Arthur Clifford Howard


Arthur Clifford Howard (1893-1971), inventor, was born on 4 April 1893 at Crookwell, New South Wales, eldest son of John Howard, farmer, and his first wife Mary Ellen, née Smith. After attending schools at Crookwell and Moss Vale, he studied engineering through a correspondence course while an apprentice at Moss Vale.

Encouraged by his father, who had brought the first steam tractor to Gilgandra where he had taken up a property, Howard began in 1912 experiments in rotary tillage which culminated in his invention of the rotary hoe. Using various pieces from farm machinery, he rigged a drive from the tractor engine to the shaft of a one-way notched disc cultivator. He found that the ground could be tilled without the soil-packing that occurred with normal ploughing. But the fast-spinning discs threw the soil sideways until he developed an L-shaped blade mounted on widely spaced flanges fixed to a small-diameter rotor.

Howard, with a fellow apprentice, Everard McCleary (d.1918), established a company to manufacture rotary hoe cultivators, but soon found that there was little demand for their small model. Work on a larger model was interrupted by World War I. Unfit for active service, Howard went to England under a scheme initiated by (Sir) Henry Barraclough to work on munitions and aircraft engines.

Unable to interest English agricultural implement firms in his ideas, Howard returned to Moss Vale in 1919. Next year he tested and patented his rotary hoe cultivator. It consisted of a main frame carrying an internal combustion engine and a subsidiary frame carrying five rotary hoe cultivators.

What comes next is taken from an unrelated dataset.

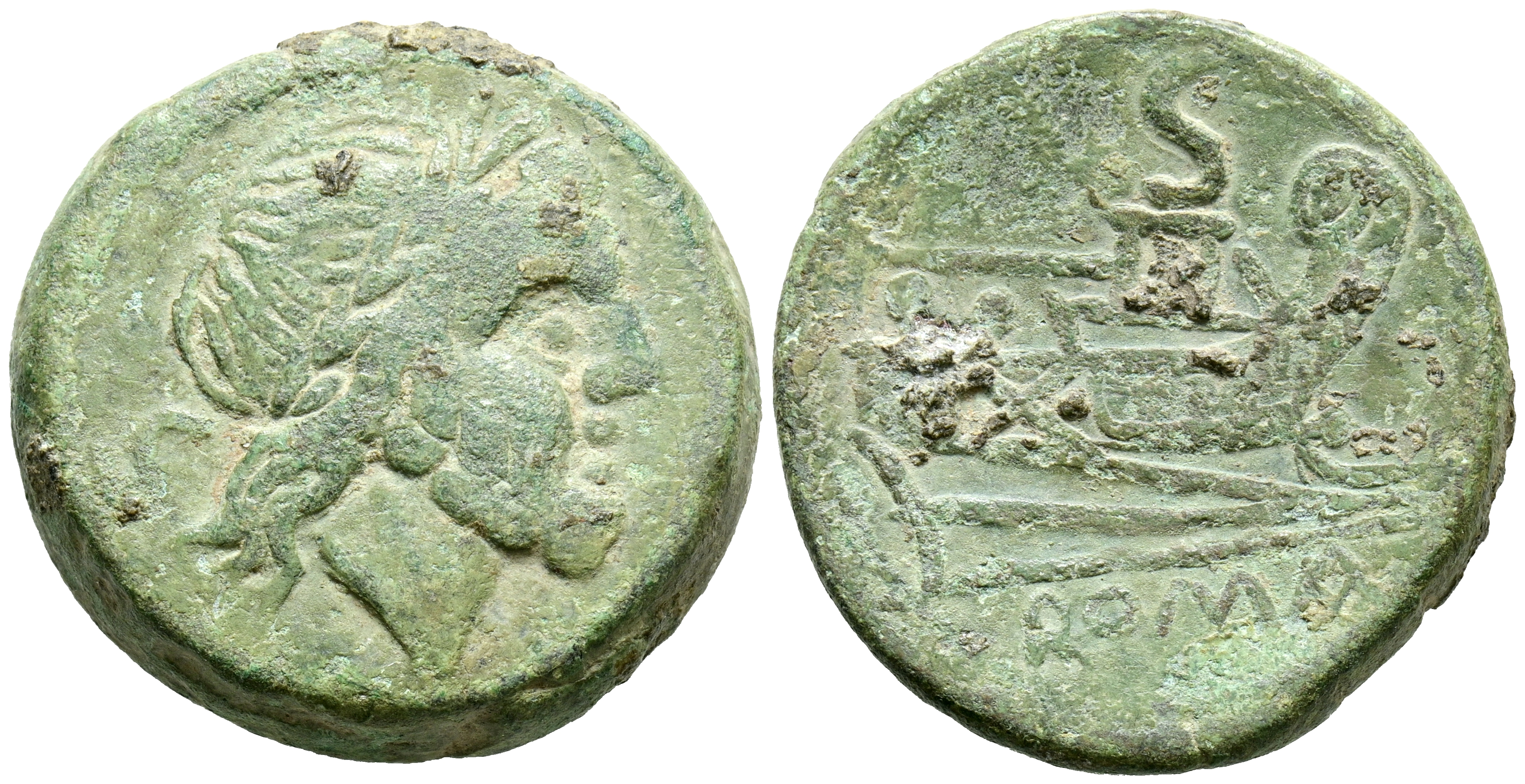 ACUÑACIONES ANONIMAS. Semis. (Ae. 20,11g/28mm). 211 a.C. Roma. (Crawford 56/3). Anv: Cabeza laureada de Saturno a derecha, detrás S. Rev: Proa a derecha, encima S, debajo leyenda: ROMA. MBC+. Atractivo ejemplar.

In March 1922 Howard formed a syndicate, Austral Auto Cultivators Pty Ltd. The firm moved to Northmead, Sydney, in 1927. He continued to develop his ideas, building models to suit particular terrains and types of farming, a rotavator to fit a Fordson tractor and several types of hand-controlled machines. His DH22 tractor, designed in 1927 to work with rotary hoes, initiated the first large-scale production of tractors in Australia.

Despite reduced sales during the Depression, Howard raised new capital for the company, now known as Howard Auto Cultivators. Finding it difficult to meet overseas demand stimulated by a successful export drive, he arranged a ten-year licence with an English firm to make his machines for markets outside Australia. In 1937 unauthorized design alterations took Howard to England where the licence was terminated. He returned briefly to Australia to resign his position of managing director at Howard Auto Cultivators and in July 1938 formed an English company, Rotary Hoes Ltd, which established branches in the United States of America, South Africa, Germany, France, Italy, Spain, Australia and New Zealand. It later became a holding company for a wholly owned subsidiary, Howard Rotavator Co. Ltd, to which it transferred the manufacture and distribution of rotavators, manure spreaders, trench diggers and soil stabilization machinery. The company received the Queen's award to industry in 1966.

Howard had married Daisy May Hayes at the Methodist Church, Moss Vale, on 19 September 1925. After moving to England, they lived at Upminster, Essex. A determined, quiet but outgoing man, devoted to his family, Howard was a practical engineer who combined business acumen with vision and outstanding inventive ability. As well as being managing director of Rotary Hoes Ltd until 1970, he was a director of G.D.H. Ltd, Harleston Industries Ltd, Howard (Forge & Foundry) Ltd and Howard Rotavator Co. Ltd. In 1970 he was appointed C.B.E. He died on 4 January 1971 at Harold Wood Hospital, Essex, leaving an estate in England valued for probate at £111,476. He was survived by his wife, two daughters and a son, who became managing director of Howard Rotavator Pty Ltd in Australia.